__BRIEF__:
Copy the entries below word for word, minus the pictures.

__EXERCISE MATERIAL__:
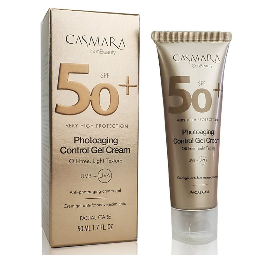 Kem Chống Nắng, Chống Lão Hóa Casmara PhotoAging Control Gel Cream SPF50+ là kem chống nắng dạng gel-cream mỏng nhẹ, kết hợp giữa bảo vệ da trước bức xạ mặt trời và cải thiện các dấu hiệu lão hóa do ánh sáng. Công thức sử dụng hệ màng lọc chống nắng phổ rộng giúp bảo vệ da trước tia UVA, UVB và cả bức xạ hồng ngoại (IR), từ đó hạn chế tác động tiêu cực lên cấu trúc da và duy trì vẻ ngoài tươi trẻ.
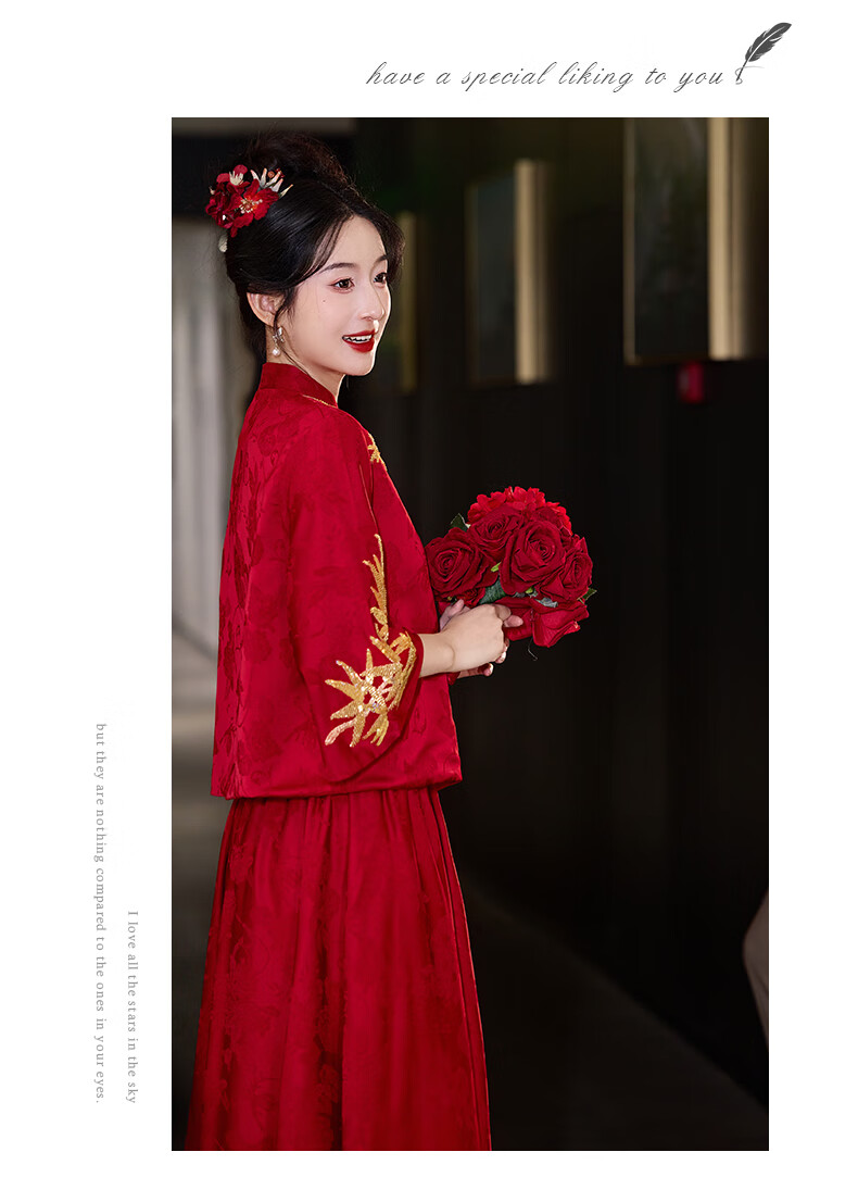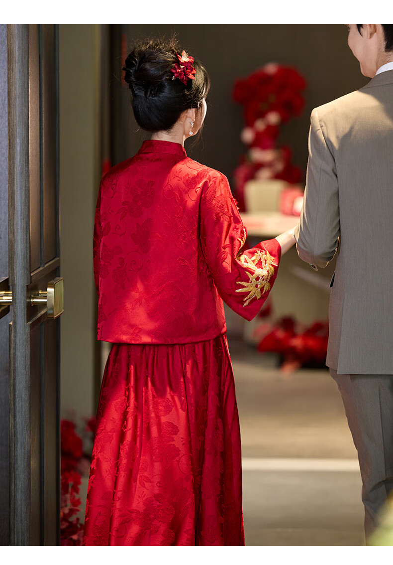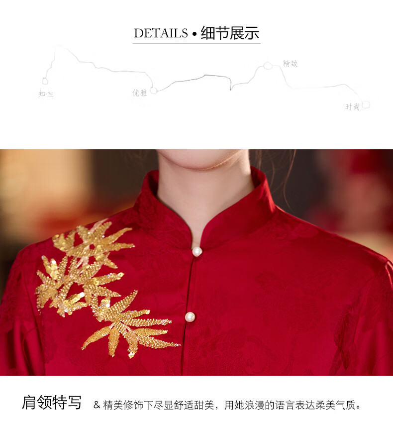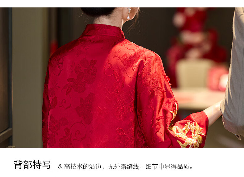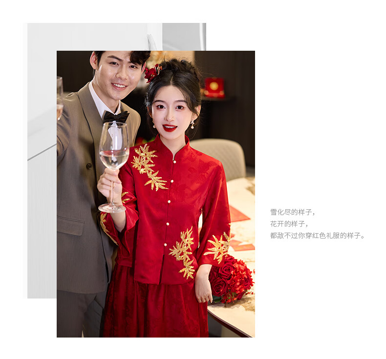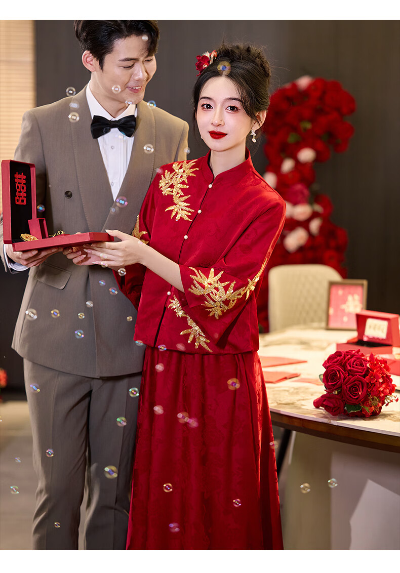 Vimadtly maternity toast dress temperament bride wedding engagement dress skirt cheongsam new Chinese wedding dress large size fat mm to cover the belly burgundy top + skirt 3XL
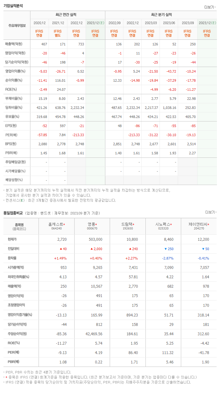 -2023년 9월 전년동기 대비 연결기준 매출액은 19.5% 감소, 영업손실은 1,005.9% 증가, 당기순이익 적자전환. 화장품 사업부를 신규로 편입하였으며, 지난 분기 대비 매출이 약 50%가량 상승하였음. 하지만 지속적으로 영업손실이 발생되고 있음. 화장품을 사업부문으로 하는 씨에스에이코스믹의 지분을 취득하여 종속회사로 편입하였음. 이외에도 시장경쟁력 강화를 위해 셋톱박스 사업부를 양수할 예정임.
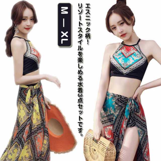 ビキニ カップ付き 3点セット 体型カバー レディース ビキニ 20代 スカート 体型カバー 水着 セパレート 水着セット ショートパンツ ビーチ オトナ女子 温泉 エスニック柄 30代 40代 露出控えめ リゾート M L XL
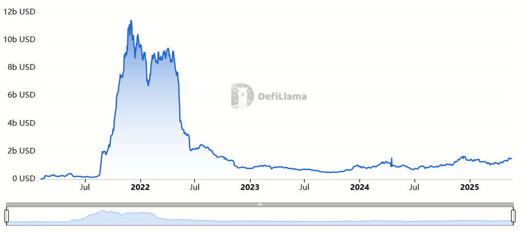 Однак не все ідеально для Avalanche. Дані від DefiLlama показують, що загальна заблокована вартість (TVL) AVAX становить лише 1,56 млрд доларів, що на 86% менше від його історичного максимуму.
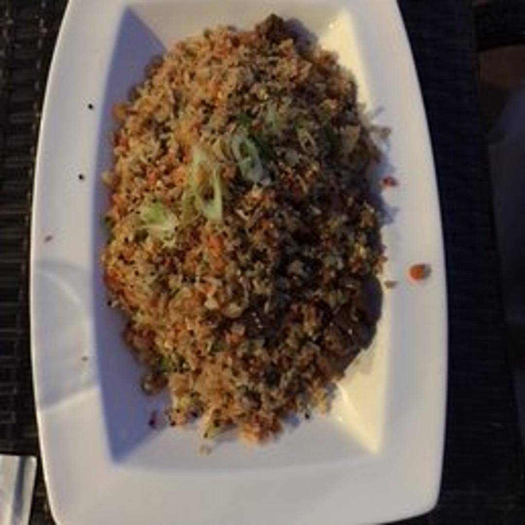 Savory fried rice stir-fried with tender, sliced steak, mixed vegetables (peas, carrots, corn, and onions), and scrambled egg. Seasoned with soy sauce and traditional Japanese spices.
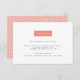 Elegantes, sofisticados e modernos, estes cartões de inserção de recepção de casamento apresentam "Recepção" definido em um elemento retangular em coral vibrante e estival. Adicione os detalhes da recepção, como horário, local e endereço. Os cartões têm no verso um padrão opcional de chave grega moderna em coral e branco.

__EXERCISE RESULT__:
 Kem Chống Nắng, Chống Lão Hóa Casmara PhotoAging Control Gel Cream SPF50+ là kem chống nắng dạng gel-cream mỏng nhẹ, kết hợp giữa bảo vệ da trước bức xạ mặt trời và cải thiện các dấu hiệu lão hóa do ánh sáng. Công thức sử dụng hệ màng lọc chống nắng phổ rộng giúp bảo vệ da trước tia UVA, UVB và cả bức xạ hồng ngoại (IR), từ đó hạn chế tác động tiêu cực lên cấu trúc da và duy trì vẻ ngoài tươi trẻ.
 Vimadtly maternity toast dress temperament bride wedding engagement dress skirt cheongsam new Chinese wedding dress large size fat mm to cover the belly burgundy top + skirt 3XL
 -2023년 9월 전년동기 대비 연결기준 매출액은 19.5% 감소, 영업손실은 1,005.9% 증가, 당기순이익 적자전환. 화장품 사업부를 신규로 편입하였으며, 지난 분기 대비 매출이 약 50%가량 상승하였음. 하지만 지속적으로 영업손실이 발생되고 있음. 화장품을 사업부문으로 하는 씨에스에이코스믹의 지분을 취득하여 종속회사로 편입하였음. 이외에도 시장경쟁력 강화를 위해 셋톱박스 사업부를 양수할 예정임.
 ビキニ カップ付き 3点セット 体型カバー レディース ビキニ 20代 スカート 体型カバー 水着 セパレート 水着セット ショートパンツ ビーチ オトナ女子 温泉 エスニック柄 30代 40代 露出控えめ リゾート M L XL
 Однак не все ідеально для Avalanche. Дані від DefiLlama показують, що загальна заблокована вартість (TVL) AVAX становить лише 1,56 млрд доларів, що на 86% менше від його історичного максимуму.
 Savory fried rice stir-fried with tender, sliced steak, mixed vegetables (peas, carrots, corn, and onions), and scrambled egg. Seasoned with soy sauce and traditional Japanese spices.
 Elegantes, sofisticados e modernos, estes cartões de inserção de recepção de casamento apresentam "Recepção" definido em um elemento retangular em coral vibrante e estival. Adicione os detalhes da recepção, como horário, local e endereço. Os cartões têm no verso um padrão opcional de chave grega moderna em coral e branco.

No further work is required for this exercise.